Task objective » Would you copy only the lines below, from the one containing "Illustrations from Dinglers" through the very last one, leaving the pictures out?

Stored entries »

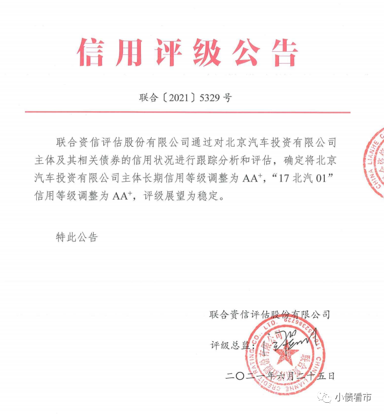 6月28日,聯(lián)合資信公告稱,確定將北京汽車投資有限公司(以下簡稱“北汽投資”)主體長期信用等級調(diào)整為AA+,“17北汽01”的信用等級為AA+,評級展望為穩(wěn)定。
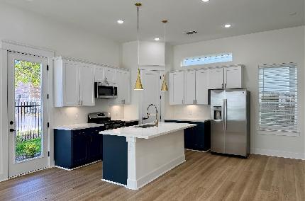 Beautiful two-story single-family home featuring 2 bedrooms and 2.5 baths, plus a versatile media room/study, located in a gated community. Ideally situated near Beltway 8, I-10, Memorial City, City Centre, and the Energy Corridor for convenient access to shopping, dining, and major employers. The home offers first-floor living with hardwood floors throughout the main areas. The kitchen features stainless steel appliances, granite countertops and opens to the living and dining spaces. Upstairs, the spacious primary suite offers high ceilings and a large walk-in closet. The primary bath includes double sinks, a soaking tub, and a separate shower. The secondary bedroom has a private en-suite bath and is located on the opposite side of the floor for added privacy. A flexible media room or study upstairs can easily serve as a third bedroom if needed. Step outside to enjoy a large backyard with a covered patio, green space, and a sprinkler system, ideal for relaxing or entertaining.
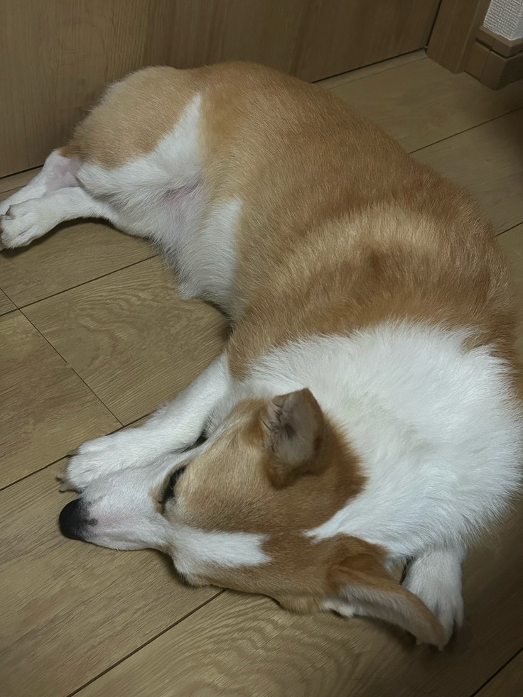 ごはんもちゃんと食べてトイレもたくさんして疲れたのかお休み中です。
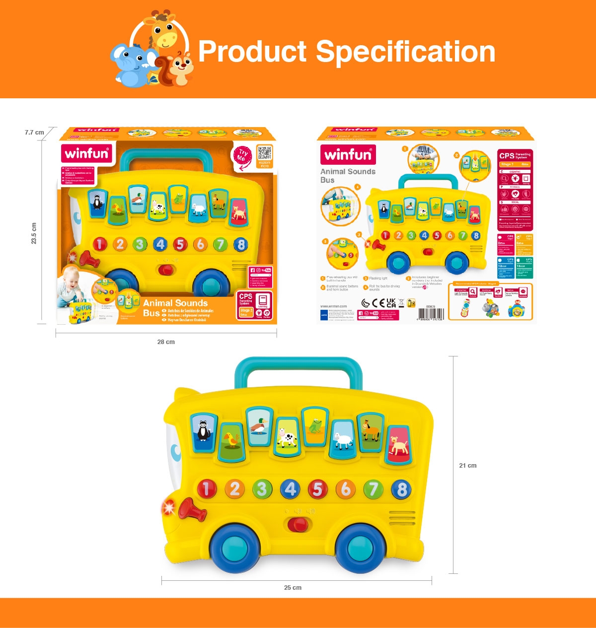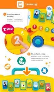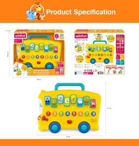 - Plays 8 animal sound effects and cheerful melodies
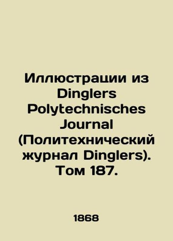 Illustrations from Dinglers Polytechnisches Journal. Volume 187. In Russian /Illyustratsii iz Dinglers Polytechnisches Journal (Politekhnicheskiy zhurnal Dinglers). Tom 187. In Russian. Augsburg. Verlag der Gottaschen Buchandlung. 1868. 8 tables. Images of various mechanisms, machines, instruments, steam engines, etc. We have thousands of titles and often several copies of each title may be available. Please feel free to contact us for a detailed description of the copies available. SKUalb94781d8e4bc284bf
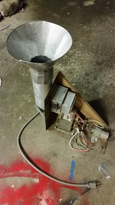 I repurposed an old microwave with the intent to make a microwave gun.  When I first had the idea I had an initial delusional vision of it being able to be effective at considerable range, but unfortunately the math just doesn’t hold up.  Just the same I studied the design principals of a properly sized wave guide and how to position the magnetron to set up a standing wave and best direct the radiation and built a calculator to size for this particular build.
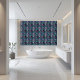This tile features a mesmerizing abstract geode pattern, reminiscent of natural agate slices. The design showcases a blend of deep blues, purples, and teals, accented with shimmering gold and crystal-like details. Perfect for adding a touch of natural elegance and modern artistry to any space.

Output of the exercise »
 Illustrations from Dinglers Polytechnisches Journal. Volume 187. In Russian /Illyustratsii iz Dinglers Polytechnisches Journal (Politekhnicheskiy zhurnal Dinglers). Tom 187. In Russian. Augsburg. Verlag der Gottaschen Buchandlung. 1868. 8 tables. Images of various mechanisms, machines, instruments, steam engines, etc. We have thousands of titles and often several copies of each title may be available. Please feel free to contact us for a detailed description of the copies available. SKUalb94781d8e4bc284bf
 I repurposed an old microwave with the intent to make a microwave gun.  When I first had the idea I had an initial delusional vision of it being able to be effective at considerable range, but unfortunately the math just doesn’t hold up.  Just the same I studied the design principals of a properly sized wave guide and how to position the magnetron to set up a standing wave and best direct the radiation and built a calculator to size for this particular build.
This tile features a mesmerizing abstract geode pattern, reminiscent of natural agate slices. The design showcases a blend of deep blues, purples, and teals, accented with shimmering gold and crystal-like details. Perfect for adding a touch of natural elegance and modern artistry to any space.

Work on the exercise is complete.